Multilingual-CLIP
OpenAI CLIP text encoders for any language.
OpenAI recently released the paper Learning Transferable Visual Models From Natural Language Supervision in which they present the CLIP (Contrastive Language–Image Pre-training) model. This model is trained to connect text and images, by matching their corresponding vector representations using a contrastive learning objective. CLIP consists of two separate models, a visual encoder and a text encoder. These were trained on a wooping 400 Million images and corresponding captions. OpenAI has since released a set of their smaller CLIP models, which can be found on the official CLIP Github.

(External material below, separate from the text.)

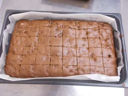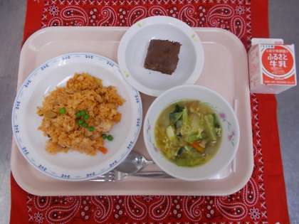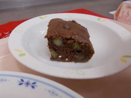 今日はバレンタインデーです。そこで、給食室から奥中のみなさんにブラウニーを焼きました。ココア生地にさつまいもの黄色が映えます。どのクラスにも給食室の愛情が伝わったようで、残りはほとんどありませんでした。

We propose a fine-tuning to replace the original English text encoder with a pre-trained text model in any language. This method makes it possible to adapt the powerful CLIP model to any language in roughly 24 GPU hours.
This repository contains
- Pytorch inference code
- Tensorflow training code
- Pre-trained CLIP-Text encoders for multiple languages
- Training data and pre-computed CLIP text encodings for a large porton of the the image captions of GCC + MSCOCO + VizWiz
Requirements
While it is possible that other versions works equally fine, we have worked with the following:
- Python = 3.6.9
- Transformers = 4.1.1
- Model Weights
Usage
Download CLIP Model
$ conda install --yes -c pytorch pytorch=1.7.1 torchvision cudatoolkit=11.0
$ pip install ftfy regex tqdm
$ pip install git+https://github.com/openai/CLIP.git
Replace cudatoolkit=11.0
above with the appropriate CUDA version on your machine or cpuonly
when installing on a machine without a GPU.
For more information please see the official CLIP repostitory.
Download Linear Weights
# Linear Model Weights
$ bash get-weights.sh
Inference
from src import multilingual_clip
print(multilingual_clip.AVAILABLE_MODELS.keys())
model = multilingual_clip.load_model('M-BERT-Distil-40')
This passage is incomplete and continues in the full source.